We are inspired by recent efforts to use AI in Medical Imaging, and we believe it can help overwhelmed and understaffed healthcare systems, especially in developing countries and pandemic hotspots.
There are multiple projects online that claim their highly-accurate AI trained on X-rays can be used to diagnose COVID-19. These are bogus claims most of the time. Patients with mild symptoms have minimal traces of the disease. Furthermore, the current available data on COVID-19 images are usually from severe cases, so the models trained exclusively on them won't perform accurately in real-world conditions.
Mild and severe cases of COVID-19 exhibit lung opacity in images (which is also an indicator of Pneumonia). Since there is abundant data on X-rays with lung opacity, we decided to use it to augment COVID-19 data, and in separate labels to mitigate the risk of false negatives (i.e. having a truly COVID-19 positive individual being flagged as not showing symptoms of it if the model was a binary classifier).
What it does
The model takes both PA and AP X-ray images (in DICOM format) as inputs and outputs a prediction for each image from one of three labels (covid, opacity, nofinding). Those predicted with the labels "covid" and "opacity", as well as additional risk factors (Age, X-ray View Position) taken from the metadata, are flagged by the model for priority action (ex. testing, re-testing, ventilator, etc…). The results can all be saved in a csv file.

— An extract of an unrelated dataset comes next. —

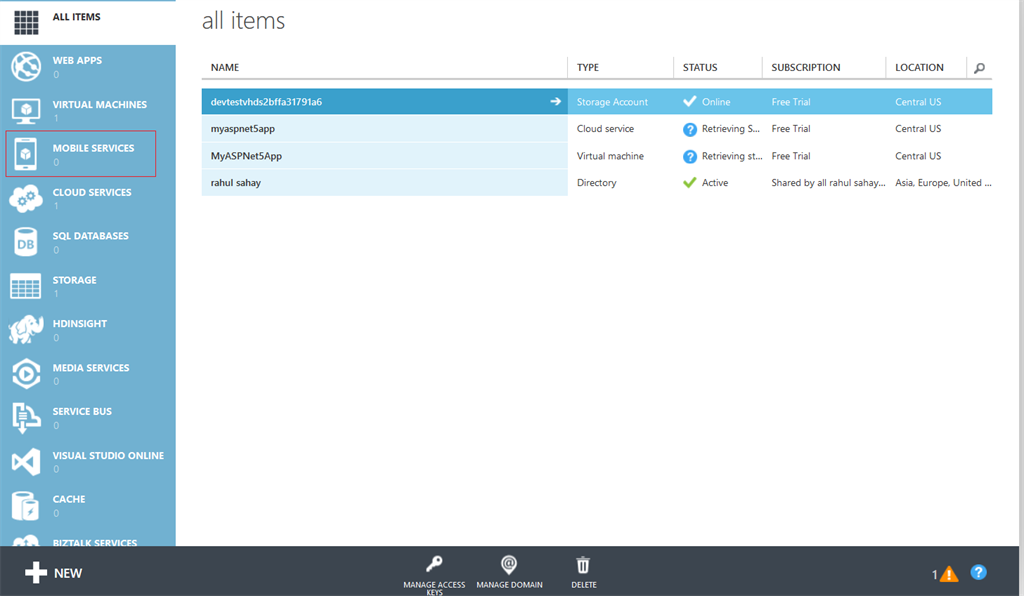 In this segment we'll talk about creating a mobile service in the cloud and then using it in our App. During the course we'll use a variety of technologies. We'll talk about these technologies individually once we progress along the path. So, without wasting time let's go ahead and create a mobile service in Azure. As you can see I'm in the Azure Portal.

For example, a 54-year old patient predicted to have lung opacity is flagged as higher priority for action by the model over a 20-year old patient predicted to have symptoms of COVID-19. Both are still flagged as higher priority for COVID-19 testing compared to those who were predicted to have no findings.
Our model does not have any diagnostic capabilities and is only meant to automate currently existing medical triage workflows.
How We built it
The model was trained via transfer learning with a Resnet 34 model architecture on images taken from the Cohen Dataset and the Radiological Society of North America Pneumonia Dataset. Approximately 26,000 images were used with weighted resampling to account for the scarcity of COVID-19 data.

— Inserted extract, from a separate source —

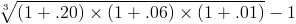 Using the formula for compound interest with different rates, the ending balance after year three can be found by multiplying the balance times 1.20, 1.06, and 1.01. The ending balance after year three would be $1284.72. Notice the differences between the ending balance with incorrectly using the arithmetic mean shown in the prior paragraph and the actual ending balance.

Area under the Receiver Operator Characteristic (AUROC) was the chief metric used to determine model performance. It was calculated with a one-vs-all approach. AUROC for "covid", "opacity", "nofinding" were at 99.97%, 92.64%, and 92.73%, respectively.
It was then dockerized into an intuitive application that clinicians can use offline and within their own hospitals/testing centers.

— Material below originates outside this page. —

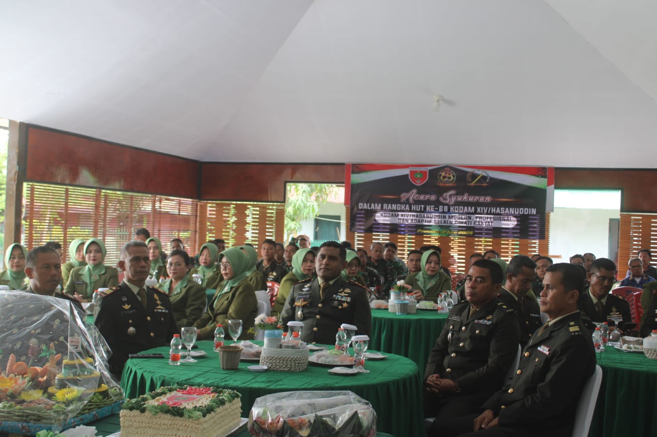 Pinrang_ Suasana hangat penuh kebersamaan menyelimuti Pendopo Kodim 1404/Pinrang saat digelar acara syukuran dalam rangka memperingati Hari Ulang Tahun ke-68 Kodam XIV/Hasanuddin yang tahun ini mengusung tema: “Kodam XIV/Hasanuddin yang Modern, Profesional, dan Adaptif, Selalu di Hati Rakyat.”, Senin (02/06/2025).

What's next for COVID-19 X-Ray Scanner for Diagnosis Triage
We hope that our model can be used in a formal study investigating its effectiveness and that it be tested in a hospital, especially when most of the world goes out of lockdown and hospitals will see a resurgence of cases.
Since it is open-source, we also hope that other researchers can further improve on the model. Currently Arterys, an American Medical Imaging Company with 6 FDA Clearances, will deploy a version of the model soon on their platform for American researchers to further develop.